Ceux qui s’intéressent à l’actualité internationale n’ont pas pu rater le putsch militaire qui a eu lieu au Myanmar, ex-Birmanie. La leader emblématique Aung San Suu Kyi a été conduite en prison par les militaires qui ont décidé, soudainement, de fermer une parenthèse démocratique qui a duré dix ans.

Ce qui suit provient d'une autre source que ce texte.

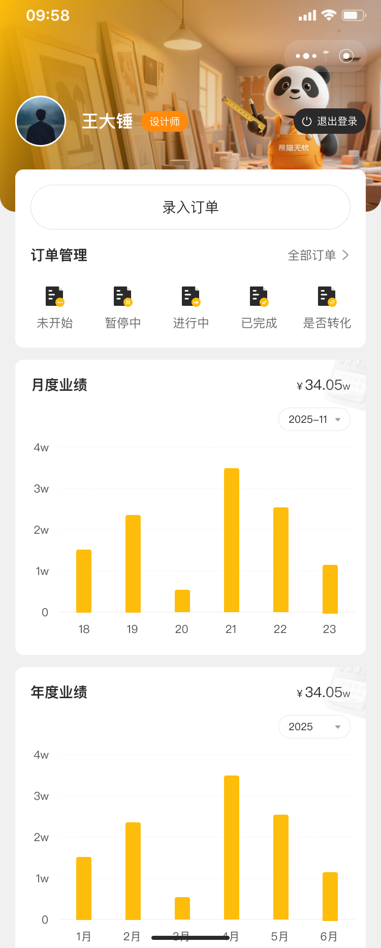 4.设计师端进行订单录入现在服务类型,输入客户信息,上传服务示例图,选择业务员,进行订单转化,修改订单,完成订单等。
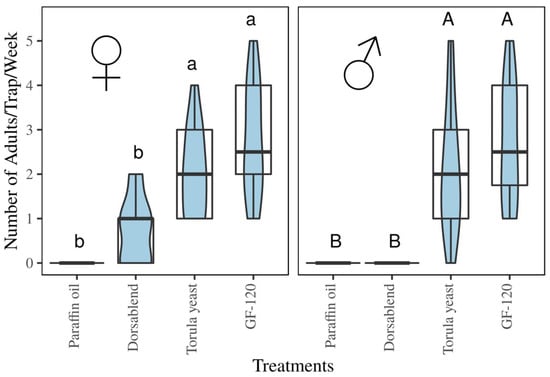Female and male B. dorsalis fruit flies caught per trap in commercial lures (GF-120 & torula yeast) compared to the synthetic dorsablend. Different letters indicate significant differences. Boxplot shows the spread and the violin plot shows density of flies per trap.
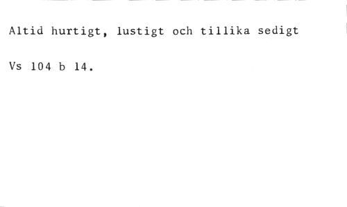 Altid hurtigt, lustigt och tillika sedigt //// Vs 104 b 14.
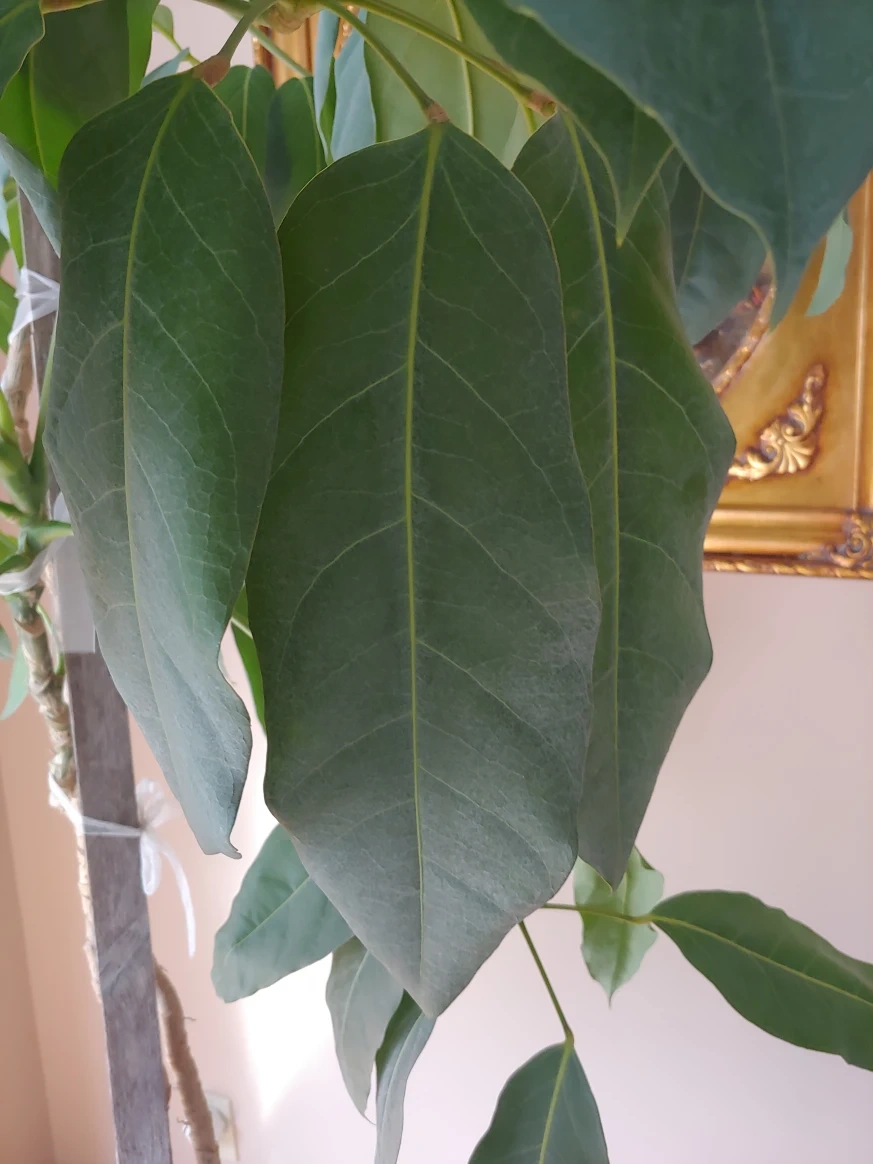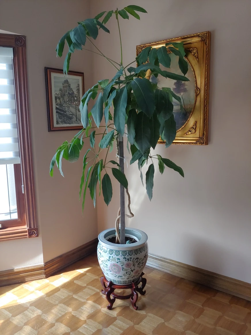 Potted Ficus Plant in ceramic pot that sits on a wooden platform. pot has small chip. plant is 67" tall and pot is 16.5" wide by 14" tall
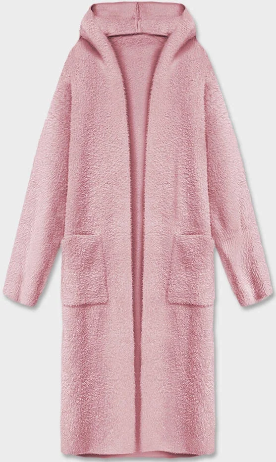 Dlouhý vlněný přehoz přes oblečení typu alpaka v bledě růžové barvě s kapucí (M105-1)
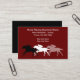 Las tarjetas de negocios de temas de carreras de caballos Guay diseñadas con un gráfico de tres caballos de carreras con Jockeys y un diseño sencillo en una plantilla editable que puede personalizar en línea. Diseñado para un establo de caballos, un equipo de carreras, o un entrenador de carreras de caballos, o Jockey.
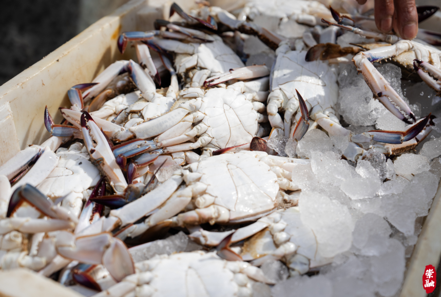 长兴横沙渔港码头蔡记海鲜负责人蔡克胜介绍:“目前梭子蟹大的(4两到7两)能占到一半左右。刚开捕这两天价格会稍高一点,像虾大概在40元一斤,品质好的梭子蟹每斤在20多元到30元之间。”
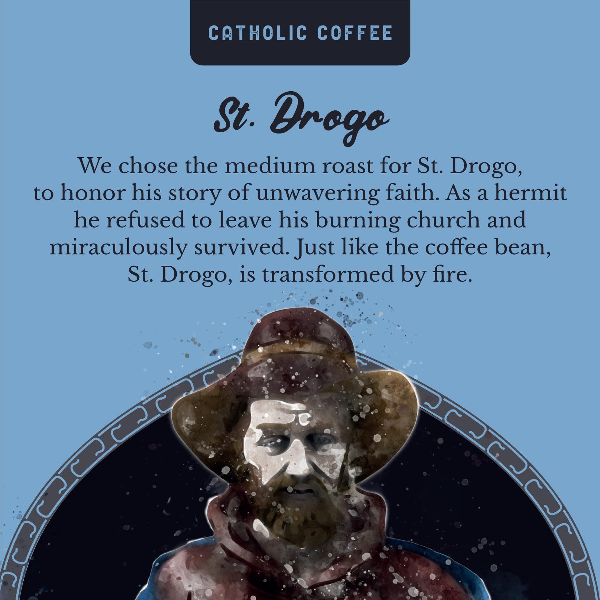 This Ethiopian Medium Roast Coffee Honors The Beloved St. Drogo, Patron Saint Of Coffee. His Father Died Before He Was Born And His Mother Died In Childbirth. A Flemish Noble, He Was Raised By Relatives, And Upon Discovering What Happened To His Parents, Felt Called To Live A Life Of Prayer And Penance Devoted To God. At The Age Of 20, He Sold All He Owned And Lived As A Shepherd, Hermit, Pilgrim And Anchorite Near Sebourg, France. He Became Physically Disfigured, But Was Recognized For His Holiness And Charity. He Is The Patron Saint Of Coffee Because Of His Simple And Humble Diet. This Ethiopian Blend Features The Strength Of A Dark Roast And The Smoothness Of A Medium Roast. Semi-Sweet Chocolate And Heavy Dark Berry Notes Offer An Enriching Influence In The Delicious Flavor Profile, Featuring The Berries St. Drogo May Have Lived Upon In His Simple Diet As A Hermit. Honoring The Patron Saint Of Coffee, It Makes A Unique And Delicious Gift Of Devotion.
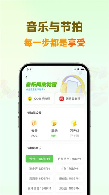 应用内置海量180bpm节拍音乐,您可以根据喜好选择适合的节奏,让跑步过程更加轻松愉快。音乐与节拍的完美结合,不仅能让您享受跑步的乐趣,还能有效减少对膝盖的冲击,保护您的关节健康。
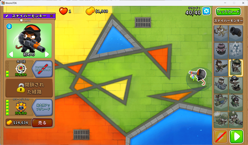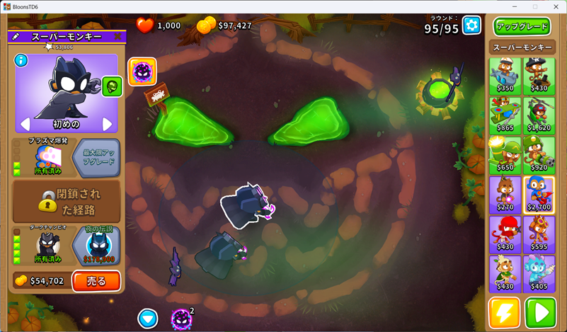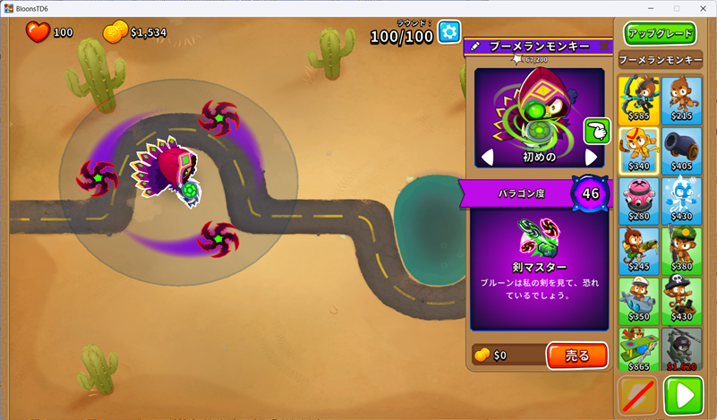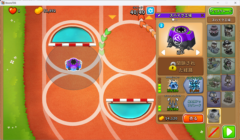 - スーパーモンキー0-4-2:範囲までBFBが来たらアビリティ連打
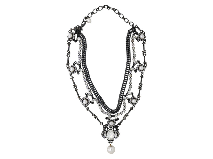 The Great Villiers Necklace by Vickisarge is a grand and one-of-a-kind statement necklace. It features a bold, modern chain layered against an ornate collar of Premium Austrian Crystals and scrollwork. The necklace is made with oxidized sterling silver plating and crystal pearls. It is handmade in a London workshop and comes with a certificate of authenticity.
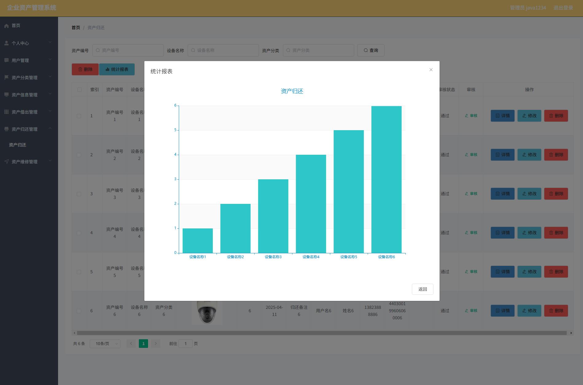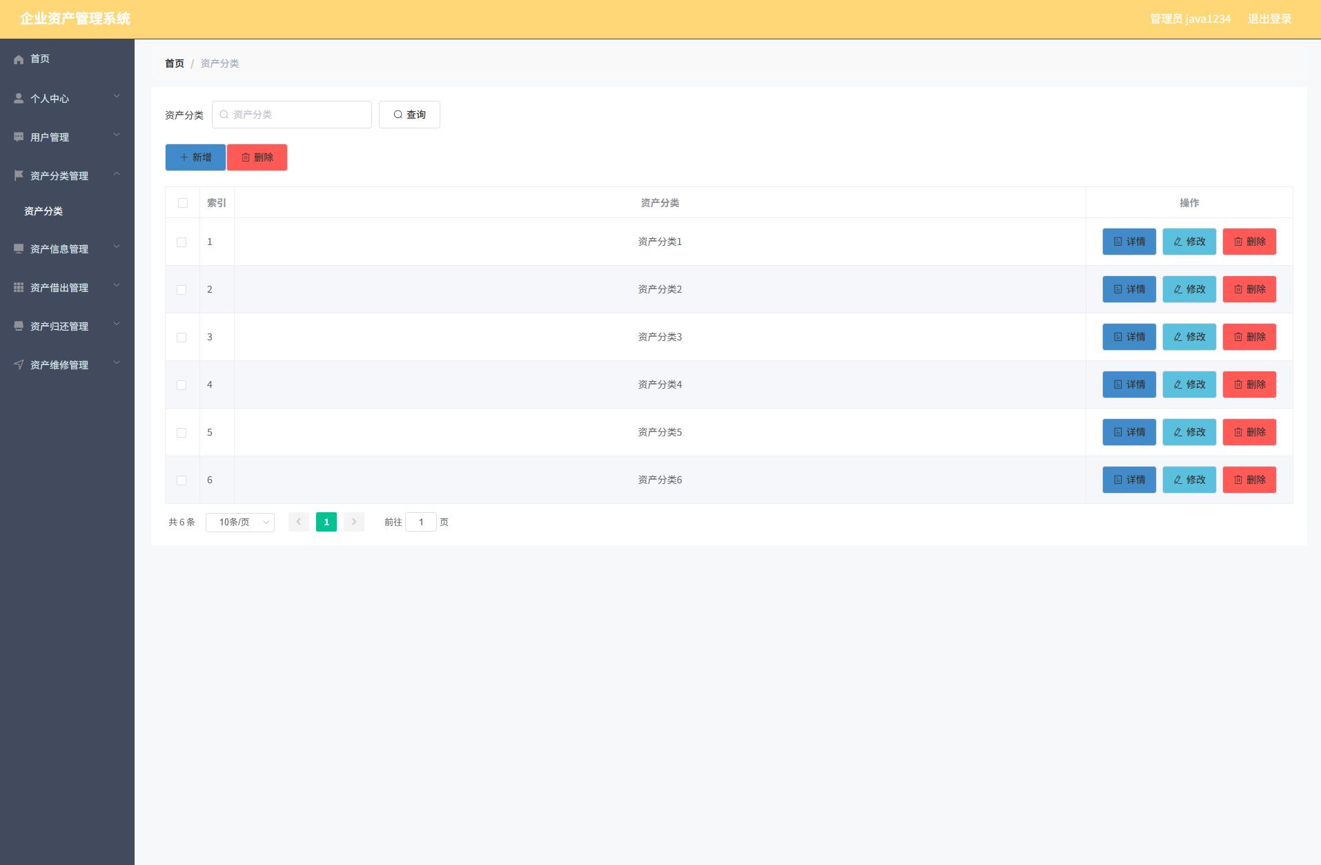 The corporate asset management system administrator functions include personal center, user management, asset classification management, asset information management, asset loan management, asset return management, and asset maintenance management. Users can lend and return assets. So it has a certain practicability.

Notre parenthèse démocratique est toujours ouverte, et l’armée de notre pays ne risque pas de la refermer. Mais le cheminement est chaotique. Contrairement au Myanmar, nous avons l’avantage en Tunisie d’avoir une armée républicaine qui n’a jamais fait de politique. Malgré certains appels de personnes en manque d’autorité, et de culture surtout, notre armée ne risque pas de déroger à sa doctrine. Par contre, le changement politique qui a eu lieu en ex-Birmanie portait un nom et un visage. Il portait une identité et un ADN politiques. En Tunisie, la contestation a été principalement socio-économique et n’a toujours pas trouvé de traduction politique crédible.
Tout cela pour dire qu’une transition démocratique est une chose fragile. Il faut faire attention à implanter les pratiques et la pensée démocratiques en évitant les pièges. Il faut le faire « proprement » pour tenter de couper l’herbe sous le pied des « c’était mieux avant ». L’un des prétextes avancés par les militaires birmans est une fraude à grande échelle lors des dernières élections en faveur du parti de Aung San Suu Kyi. En Tunisie, des doutes ont plané sur l’Isie. La cour de comptes a pointé, dans des rapports officiels, des irrégularités et des infractions à la loi lors des élections. D’un autre côté, aucune procédure judiciaire n’est venue corriger ces situations. Cela fait partie des piques qu’on laisse s’implanter dans le flanc d’une démocratie naissante.
Mais il existe une autre particularité tunisienne, celle des dirigeants contestataires. Hier, le président de la République, Kaïs Saïed, s’est offert une balade en pleine avenue Habib Bourguiba avant de se diriger vers le bâtiment gris du ministère de l’Intérieur. L’une des lectures de ce geste politique a été que le président s’est rangé du côté des manifestants et des contestataires, comme si le président était allé manifester lui-même. Il y a, évidemment, plusieurs autres messages derrière cette balade au centre-ville, dont celui de défier Rached Ghannouchi d’oser faire de même.
Mais cette tendance est en train d’être érigée en pratique politique. Les législateurs, innovants devant l’Eternel, sont les premiers contestataires. Bien qu’ils fassent partie intégrante du système, que leur responsabilité est d’une évidence éclatante, ils ne trouvent aucune objection à organiser des mouvements de protestation. On a vu les élus du bloc démocratique tenir un sit-in pendant plus d’un mois pour obtenir une simple dénonciation de la violence. Abir Moussi a fait pareil en utilisant des haut-parleurs en pleine séance plénière. Chacun d’eux est revenu vers les méthodes et les outils qu’il utilisait avant la révolution.
Nous parlons ici de législateurs qui se trouvent à l’ARP, l’institution censée être au centre du système politique tunisien. Ce sont d\’ailleurs les premiers à rappeler, toutes gorges déployées, qu’ils sont les vrais détenteurs de la légitimité populaire. Mais quand il s’agit de trouver des solutions, de travailler et de faire avancer les choses, ils ne sont plus détenteurs de quoi que ce soit. A ce moment-là, ce sera, au choix, la faute du gouvernement, la faute de la coalition qui le soutient, ou même la faute de tout le système politique.
Mais la vraie question qui se pose est celle de savoir ce que nous, citoyens, devont faire devant des responsables qui se transforment en contestataires ou en manifestants. Nous avons élu ce personnel politique, composé de députés de la nation et d’un président de la République pour trouver des solutions à un ensemble de problèmes complexes. Nous n’avons pas besoin de responsables qui viennent grossir les rangs des manifestants.
Il est évident que le fait de se ranger du côté du « peuple » a des avantages et porte une symbolique particulière. La volonté d’investir dans de pareils agissements est grande. L’image du responsable, du président qui se mêle à la foule dans une sorte de communion est très belle. Néanmoins, les images ne résolvent rien. Ce n’est pas cela qui va faire sortir les jeunes emprisonnés pour avoir fumé un simple joint, ce n’est pas cela qui va améliorer le pouvoir d’achat du Tunisien, ce n’est pas cela qui nous protégera des contrecoups économiques et sociaux de la crise Covid. La symbolique, l’image et la communication sont des choses importantes. Mais nous en avons marre des responsables qui contestent, au lieu de simplement travailler.